Last night on the bucolic hilltop campus of Occidental College, Los Angeles Mayor Eric Garcetti spoke with the Los Angeles Times architecture critic, Christopher Hawthorne, about the state of L.A. urbanism. This broad topical platform positioned Hawthorne's interview not as a political interrogation, nor as a staged public appearance, but as a relaxed discourse for Garcetti to mention policy while riffing on the kind of place he believes L.A. is becoming. You can review Archinect's live-tweets of the event here.
The discourse of L.A. urbanism is often bogged down by insufficient comparisons and false dichotomies -- sprawl vs. density, cyclists vs. drivers, liberals vs. libertarians, east vs. west, etc. -- that doggedly try to force the region into the conventions of other, completely incomparable cities. Early on, Hawthorne made clear that "Los Angeles" has to be thought of on the "regional scale", and shouldn't copy the developmental models of radically different cities. Garcetti certainly empathizes with this perspective: as mayor of the City of Los Angeles, he negotiates with the 87 other mayors located in L.A. County, and is keenly aware of its massively impacted layers of government -- its resources spread thinly and into cagey factions, unable to look out for anyone but themselves.
Garcetti was adamant, in parts poetic, about L.A.becoming a place one could, and would want to, "get lost in", where the mega-region is dignified by accessible and pervasive public transportation, and greenspace isn't delegated to the front or back yard. Hawthorne reciprocated, having noticed since he moved to L.A. in 2004 a palpable desire to increase connectivity and invest in public space. It may seem romantic to imagine that such idealism will translate easily into tangible and persistent policy, but that romanticism is inspiring and encouraging in a city on the cusp of radical (and absolutely necessary) change, responding to climate change and unsustainable transit models.

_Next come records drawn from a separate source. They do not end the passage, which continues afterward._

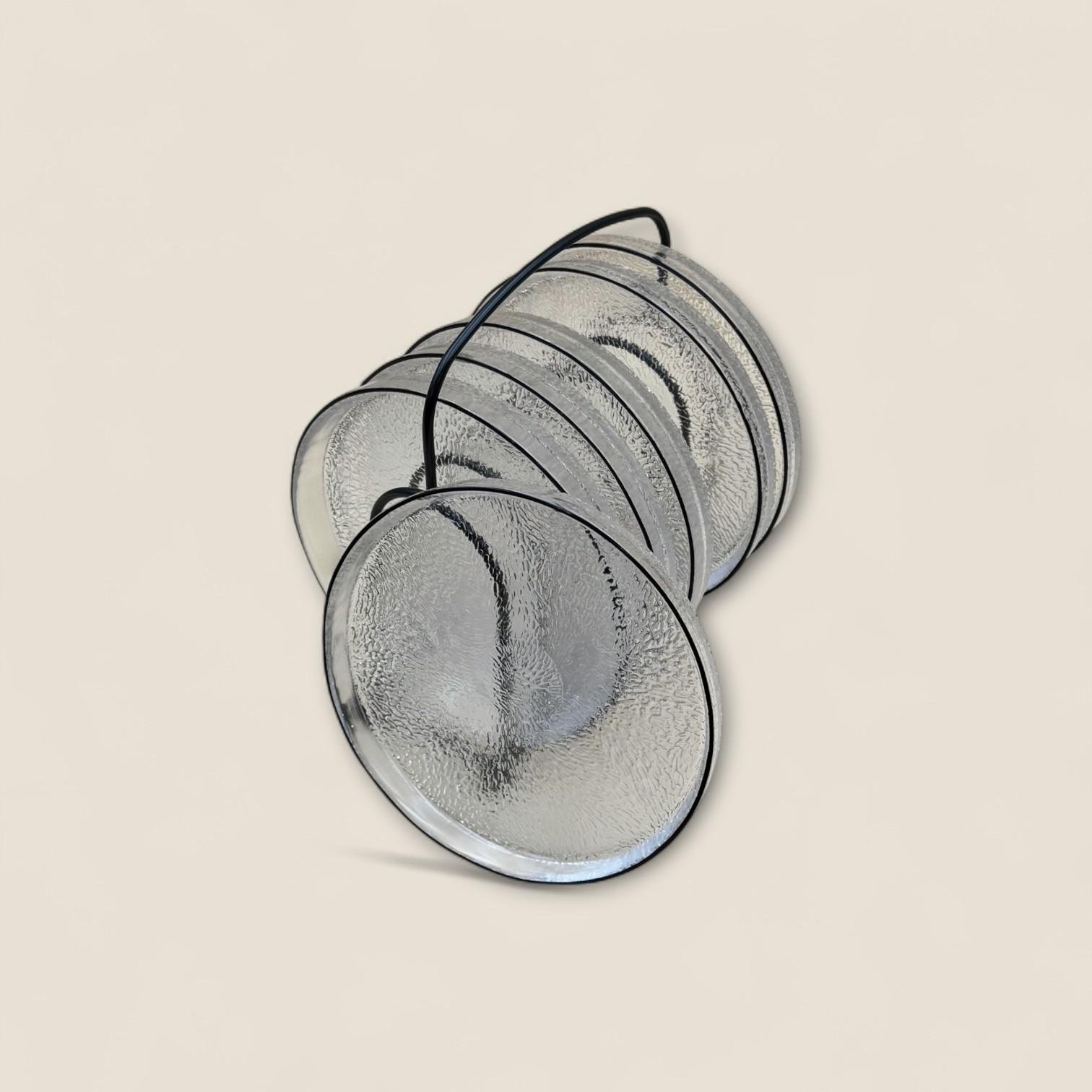 These coasters are crafted from high-quality glass, each coaster features a ripple-textured surface that not only prevents slippage but adds a sophisticated, decorative touch to any setting.
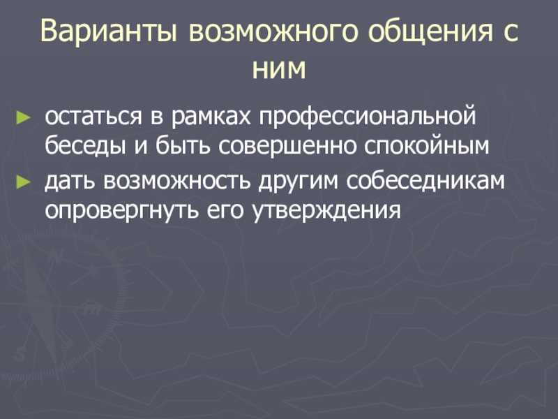 Варианты возможного общения с нимостаться в рамках профессиональной беседы и быть совершенно спокойнымдать возможность другим собеседникам опровергнуть
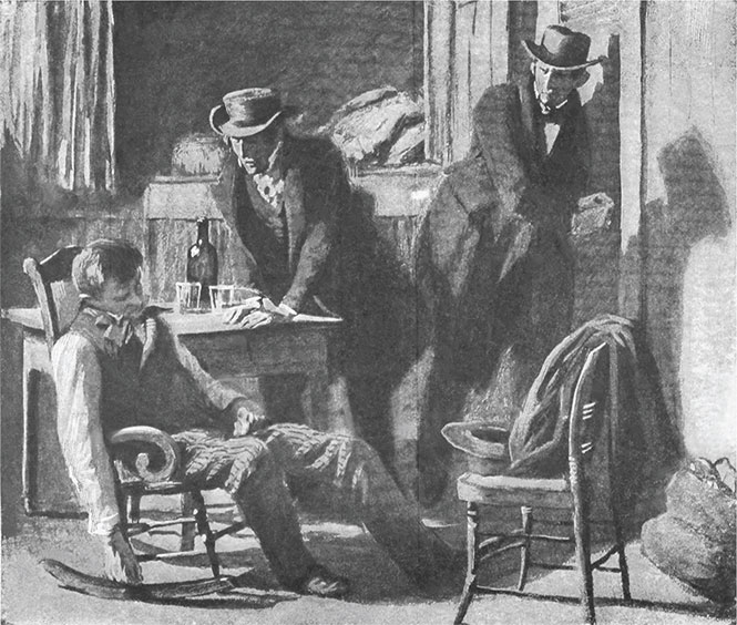 Вот такой-то весенней горячкой заболели и мы с Томом Сойером, и заболели очень опасно. Но Тому нечего было и думать о путешествиях; он говорил, что его тетка Полли очень ясно дала ему понять, что ни в каком случае не допустит, чтобы он бросил школу и отправился бродяжничать. Однажды мы сидели на ступеньках крыльца в довольно мрачном настроении, когда вдруг из дома выходит тетка Полли с письмом в руке и говорит:
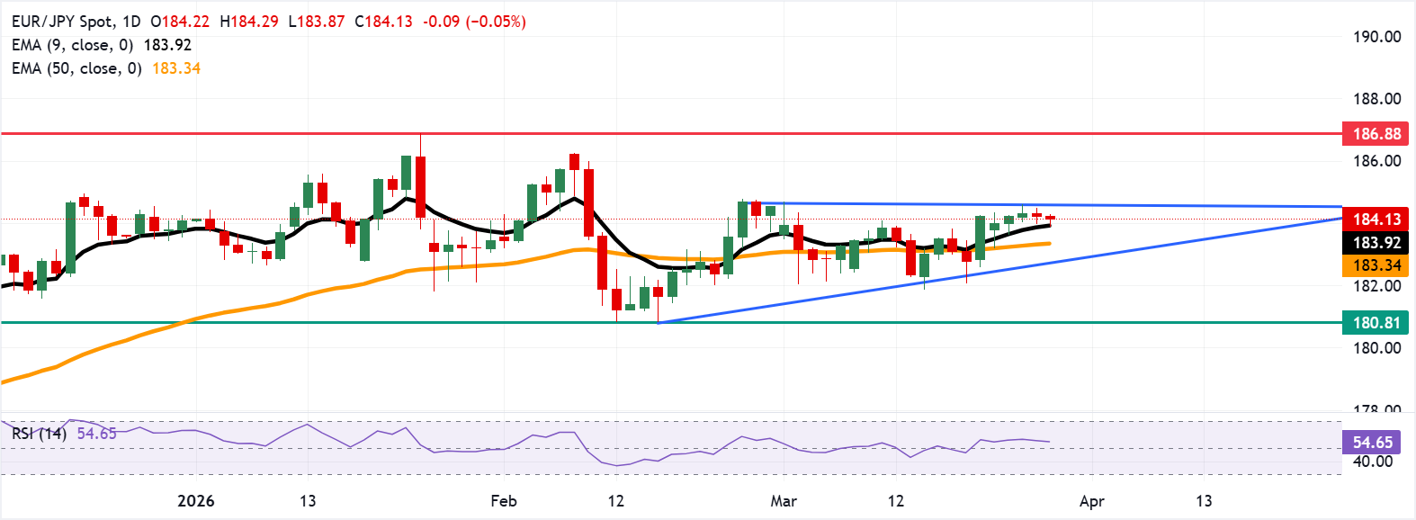 EUR/JPY连续第二个交易日下跌,周五亚洲时段交易于184.10附近 标题:欧元/日元价格预测:随着买盘压力上升,维持在184.00以上

And after all, this wasn't a political rally. Halfway through their discussion, Hawthorne brought to the stage Gabriel Kahane, a young composer who has just released an album explicitly inspired by Los Angeles landmarks. He performed a couple of songs, one Cohen-esque folk-tune about the Ambassador Hotel, and another jaunty baroque-pop number questioning movie villain's insistence on living in homes built by modernist masters. A musical interlude to a dialogue on urbanism seemed awkwardly out of place at first, but by the end of the night, perfectly appropriate. L.A. can continue to be a city of self-referential icons, even as it seeks to define new ones.